In normal, or functional, harmony, the succession of chords is analyzed by the distance, or interval, between their roots. The most common movement from chord to chord is through “strong” intervals: fourths (as C to F), fifths (as C to G), and seconds (as C to D). A movement from one chord to another having this root relation is strong because the two chords have the fewest notes in common and therefore contrast more with each other. Movement by “weak” intervals—thirds (as C to E) and sixths (as C to the A above it)—is weaker, or less pronounced, because the two chords in this case usually share two out of their three notes; for example, C–E–G and E–G–B, or C–E–G and A–C–E. Similarly, modulation from one key to another in the course of a piece was most characteristically from one key to another whose keynote is a strong interval apart from that of the first key, as from C to G. Usually the modulation was to the key built on the fifth note, or dominant, of the original scale. A work in C major, for example, tended to move toward the area of G. In works in a minor key, the modulation might be to the dominant minor key (A minor to E minor, for example); or it might be to the relative major key (the key that shares the same scale notes as the minor scale but arranging them in major scale order rather than minor scale order [A minor and C major, for example]). In the second case the contrast of major and minor mode appeared to compensate for the weak modulation (A and C are a third apart).

Harmony and modulation in the 18th century

By the early 18th century these modulatory principles were well established and were made use of in musical form. In the keyboard sonatas of Domenico Scarlatti, for example, or the instrumental dance movements in Bach’s partitas, the opening key is well established at the beginning of the piece. There then begins a movement to a new key, normally the dominant key. This is characteristically achieved by an emphasis on chords common to both keys (known as “pivots”), plus a strong musical statement in the new key leading to a cadence in that key. After the modulation there is a process of return to the initial key. During this process the harmonic motion tends to be more rapid, passing quickly through many chords and often including momentary diversions into many new keys, thus lending greater impact to the eventual return to the original key. Such a composition is said to be in “binary form.” In binary form compositions in a minor key, there occasionally occurred an exception to the rule of return to the home key. The composer could at his option return to the tonic major, the major key built on the same keynote, or tonic, as the original minor key—A major from A minor, for example. But even in this case the harmonic goal toward the tonic note (A in this case) remained the same.
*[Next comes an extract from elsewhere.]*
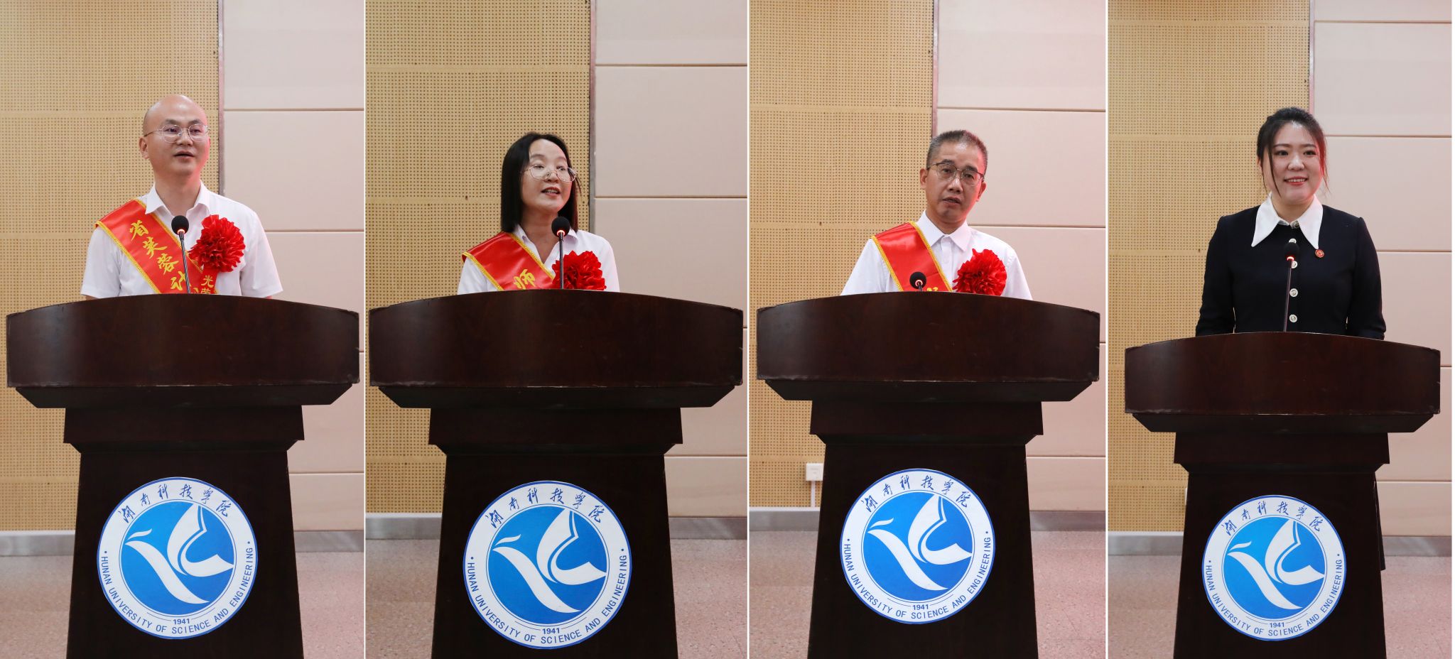 “省级人才项目入选者”教师代表刘进以“感恩”、“责任”、“真诚”、“梦想”为关键词,分享了扎根科院、潜心教学科研的感悟和经验;“校师德师风先进个人”教师代表方芳通过三个育人故事,传递了从教二十载“以心育心、以德育德”的心得体会,“校优秀教师”代表肖智成以二十余年教坛耕耘为脉络,生动诠释对“做助推教育强国与民族复兴的‘大先生’” 的理解与追求;新进教师代表张藜萱从入职体验出发,深情分享在科院感受到的浓厚育人治学氛围和教育家精神力量。

This basic modulatory scheme from tonic key to dominant key back to tonic key formed the basis of the large-scale musical forms that developed during the 18th century and persisted well into the 19th. The sonata forms of Mozart and Haydn, with their exposition, development, and recapitulation, adhere closely to this plan, often greatly expanded. Here the movement from the tonic to the dominant key or to the relative major key made up the exposition; the rapid harmonic movement en route back to the tonic made up the development; and the return to the tonic key—usually reinforced by a return of the initial thematic (melodic) material—signalled the start of the recapitulation. An optional final coda, or concluding section, further strengthened the sense of the tonal journey’s having come to an end. In the large, multi-movement works from this period, there was usually a further contrast achieved by having one of the inner movements in another key, but the final movement almost invariably was once again in the same key as the first movement.

Romantic changes in classical harmony

This clear and logical system of organization seemed highly consistent with an age that took its cues from the clarity and balance of ancient classical architecture. It was not so consistent, however, with the ideals of the ensuing era of Romanticism. Already in the mature works of Beethoven, there is the beginnings of a breaking-down of the classic modulatory scheme; the opening movement of the Waldstein Sonata, Opus 53 (completed, 1804), for example, is built on a modulation from the tonic, C major, to the sharply contrasting key of E major, instead of the expected key of G. Much of the individual harmonic language of Franz Schubert is based on his purposeful disavowal of modulation via the smooth succession of pivot chords and his fondness, instead, for dropping suddenly into unrelated, and therefore unexpected, keys, as C major to E flat major in the opening movement of the String Quintet in C Major, Opus 163 (1828); C major to E minor in the opening movement of the Symphony No. 9 in C Major (1828), known as the Great Symphony.

Throughout the 19th century there was also a great increase in the use of chromatic tones—tones not belonging to the scale of a given key and that formed “foreign,” sometimes dissonant, harmonies with the notes of that key. In addition to the triad, the typical chord of functional harmony, other more complex chords were used, the harmonic functions of which were extremely ambiguous to the listener. As a result the sense of clearly established tonality created by traditional harmonies began to vanish from the musical language—doubtless in line with composers’ greater obsession with music and all arts as something mysterious and personalized.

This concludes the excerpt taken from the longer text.